INGREDIENTS
- 8 oz (225g) brown rice shells pasta (ensure it’s vegan-friendly)
- 2 cups broccoli florets
- 1 tablespoon olive oil
- Salt and black pepper to taste
- 1 cup fresh spinach leaves
- 1/4 cup sun-dried tomatoes, chopped
- 1/4 cup toasted almonds, chopped
- Vegan pesto sauce (store-bought or homemade)
- Fresh basil leaves, for garnish
INSTRUCTIONS
Roast the Vegetables:
-
Roast the Broccoli:
- Preheat the oven to 400°F (200°C).
- Toss the broccoli florets with olive oil, salt, and black pepper in a bowl.
- Spread the broccoli on a baking sheet and roast in the preheated oven for about 15-20 minutes, or until tender and slightly crispy at the edges. Set aside.
Cook the Brown Rice Shells Pasta:
- Bring a large pot of salted water to a boil.
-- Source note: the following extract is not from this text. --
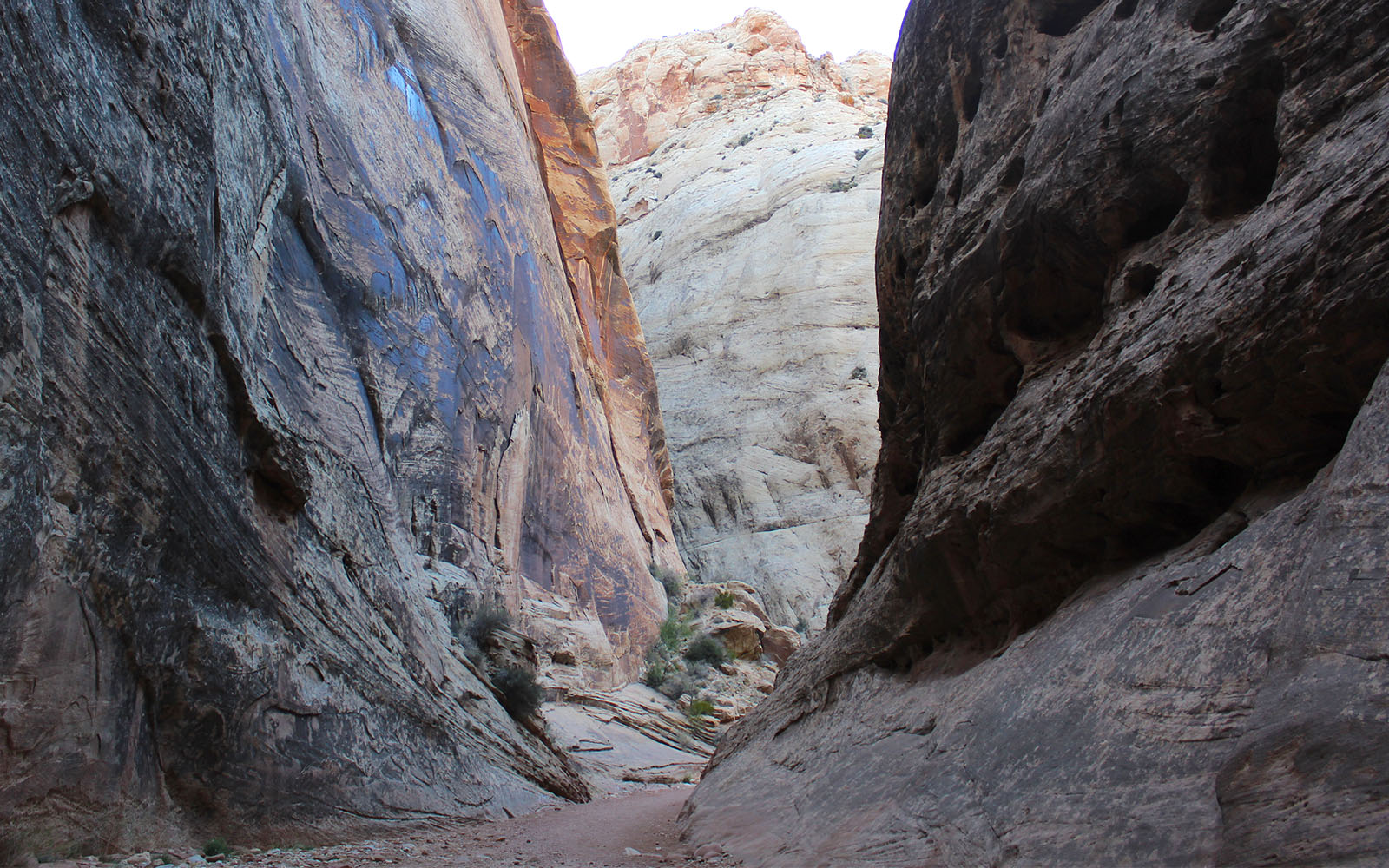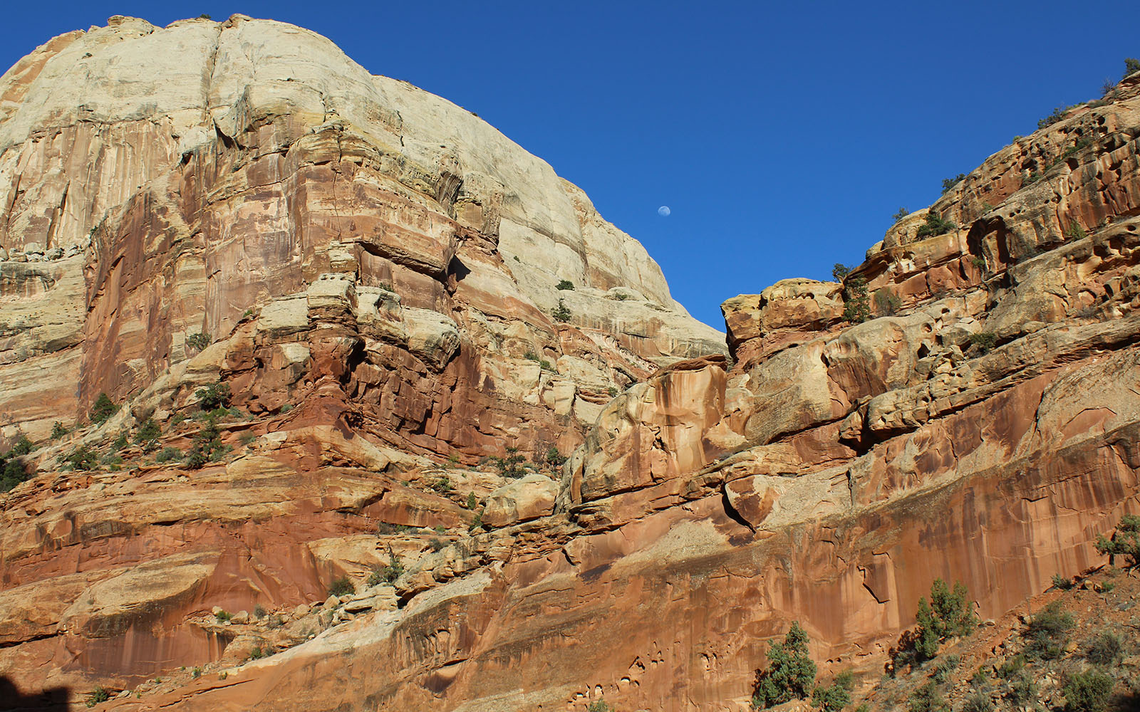 Capitol Gorge trail, at the end of the scenic drive, is an easy trail that brings you to some pioneer graffiti. You don’t need to continue the trail as it climbs to the waterpockets. Sunset Point is another short and easy three-quarter-mile trail to a panoramic viewpoint.

- Add the brown rice shells pasta and cook according to the package instructions until al dente. Drain and set aside.
Assemble the Pasta Dish:
- In a large mixing bowl, combine the cooked brown rice shells pasta, roasted broccoli, fresh spinach, chopped sun-dried tomatoes, and toasted almonds.
- Add a generous dollop of vegan pesto sauce to the bowl. The amount can vary based on your taste preference for pesto.
- Gently toss all the ingredients together to ensure they are well combined and coated with the pesto.
Serve:
- Divide the Vegan Brown Rice Shells Pasta with Broccoli, Pesto, Toasted Almonds, Spinach, and Sun-Dried Tomatoes among serving plates.
- Garnish with fresh basil leaves for a pop of color and an aromatic touch.
- Enjoy your delightful and flavorful Vegan Brown Rice Shells Pasta creation. Revel in the medley of roasted vegetables, zesty pesto, and crunchy almonds that come together to create a satisfying and nourishing dish.
Note: Feel free to customize this recipe by adding other vegetables or plant-based protein sources of your choice. Adjust the quantities and seasonings according to your taste preferences.